▶ **EXERCISE DIRECTIONS**:
Only the lines below, from the one with "Below is an" through the one with "всю свою учительскую", are to be written out, exactly.

▶ **RECORDS TO USE**:
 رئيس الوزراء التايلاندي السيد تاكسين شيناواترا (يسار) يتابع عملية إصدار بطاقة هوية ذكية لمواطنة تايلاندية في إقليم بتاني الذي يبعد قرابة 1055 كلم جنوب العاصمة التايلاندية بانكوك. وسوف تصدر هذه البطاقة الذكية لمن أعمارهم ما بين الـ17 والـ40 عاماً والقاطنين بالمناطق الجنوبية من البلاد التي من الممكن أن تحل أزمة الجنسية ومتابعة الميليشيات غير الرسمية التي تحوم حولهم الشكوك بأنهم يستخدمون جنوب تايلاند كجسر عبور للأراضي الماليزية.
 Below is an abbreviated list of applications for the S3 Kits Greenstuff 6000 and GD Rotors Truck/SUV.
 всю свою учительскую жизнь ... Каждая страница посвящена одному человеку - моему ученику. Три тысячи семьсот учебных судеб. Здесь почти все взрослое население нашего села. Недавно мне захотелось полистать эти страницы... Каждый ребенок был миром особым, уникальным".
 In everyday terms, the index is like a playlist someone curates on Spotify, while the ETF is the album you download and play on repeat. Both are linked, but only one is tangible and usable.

---

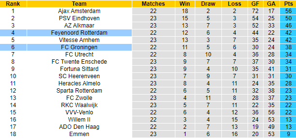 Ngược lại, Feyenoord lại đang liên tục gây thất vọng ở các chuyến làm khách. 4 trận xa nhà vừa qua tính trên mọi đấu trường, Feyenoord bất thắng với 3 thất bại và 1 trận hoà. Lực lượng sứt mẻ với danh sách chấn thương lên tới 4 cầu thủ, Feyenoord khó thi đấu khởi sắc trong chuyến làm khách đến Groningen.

▶ **EXERCISE SOLUTION**:
 Below is an abbreviated list of applications for the S3 Kits Greenstuff 6000 and GD Rotors Truck/SUV.
 всю свою учительскую жизнь ... Каждая страница посвящена одному человеку - моему ученику. Три тысячи семьсот учебных судеб. Здесь почти все взрослое население нашего села. Недавно мне захотелось полистать эти страницы... Каждый ребенок был миром особым, уникальным".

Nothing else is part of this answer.